### Dataset section
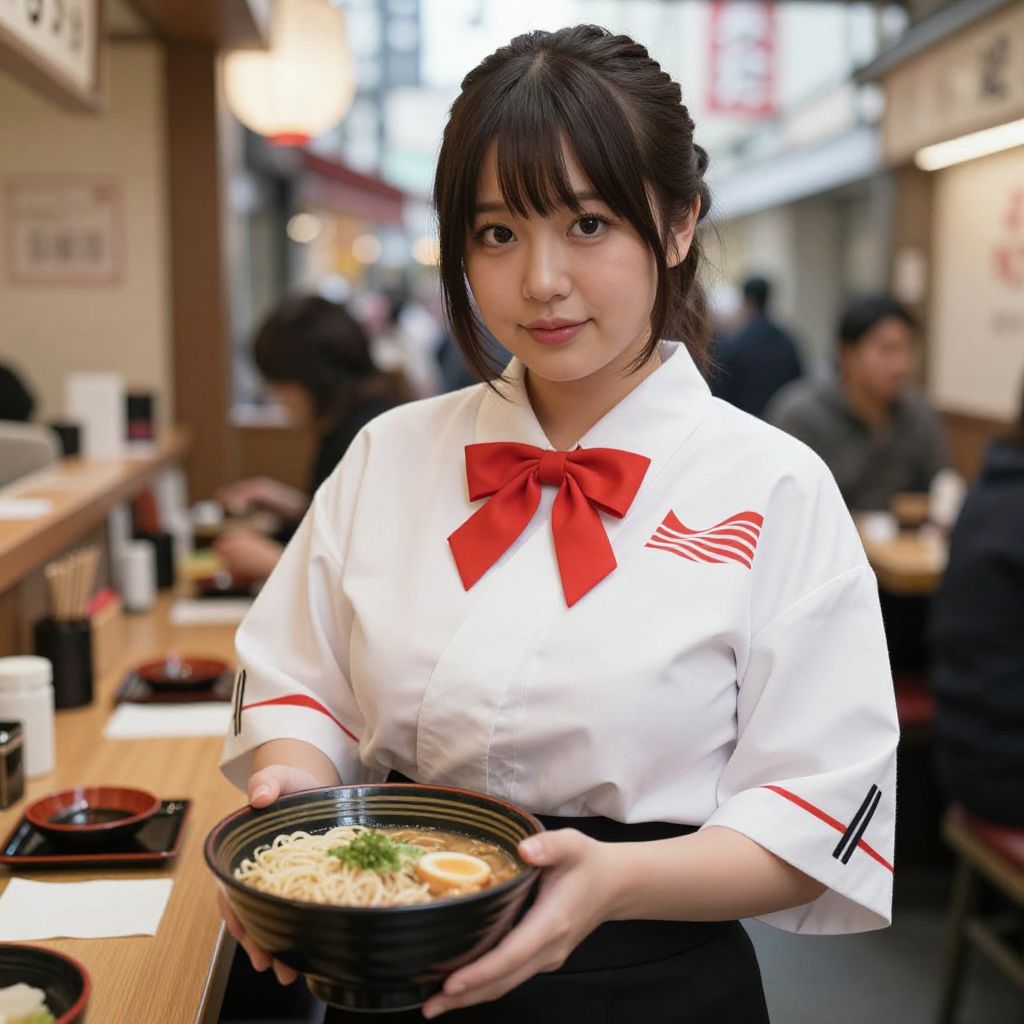 Photograph of an East Asian woman with black hair in a white uniform with red bow, holding a bowl of ramen in a bustling Japanese restaurant.
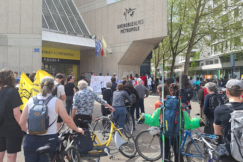 Les occupants ont pris la parole tour à tour pour confier leur dépit et leur ras-le-bol.Sa voix trahit sa colère, partagée par les militants des différentes organisations (DAL 38, UL CGT Grand Grenoble, CNT 38…) présents ce vendredi 10 avril, et bien sûr par l’ensemble des occupants du siège de Grenoble Alpes Métropole. Sur les quelque 150 personnes — essentiellement des livreurs à vélo et leurs familles — arrivées dans le bâtiment de la place André-Malraux le 19 novembre dernier, entre 70 et 80 vivent encore ici ou plutôt survivent. Après 142 jours et nuits d’occupation.
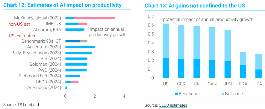 AI가 생산성에 미칠 것으로 예상되는 영향에 대한 추정치는 차트 12에 있음. 대부분의 추정치는 AI가 생산성을 연간 약 1~2% 향상시킬 것으로 예상.

### Problem
Leave out all pictures, then copy the remaining material exactly.

### Your response
 Photograph of an East Asian woman with black hair in a white uniform with red bow, holding a bowl of ramen in a bustling Japanese restaurant.
 Les occupants ont pris la parole tour à tour pour confier leur dépit et leur ras-le-bol.Sa voix trahit sa colère, partagée par les militants des différentes organisations (DAL 38, UL CGT Grand Grenoble, CNT 38…) présents ce vendredi 10 avril, et bien sûr par l’ensemble des occupants du siège de Grenoble Alpes Métropole. Sur les quelque 150 personnes — essentiellement des livreurs à vélo et leurs familles — arrivées dans le bâtiment de la place André-Malraux le 19 novembre dernier, entre 70 et 80 vivent encore ici ou plutôt survivent. Après 142 jours et nuits d’occupation.
 AI가 생산성에 미칠 것으로 예상되는 영향에 대한 추정치는 차트 12에 있음. 대부분의 추정치는 AI가 생산성을 연간 약 1~2% 향상시킬 것으로 예상.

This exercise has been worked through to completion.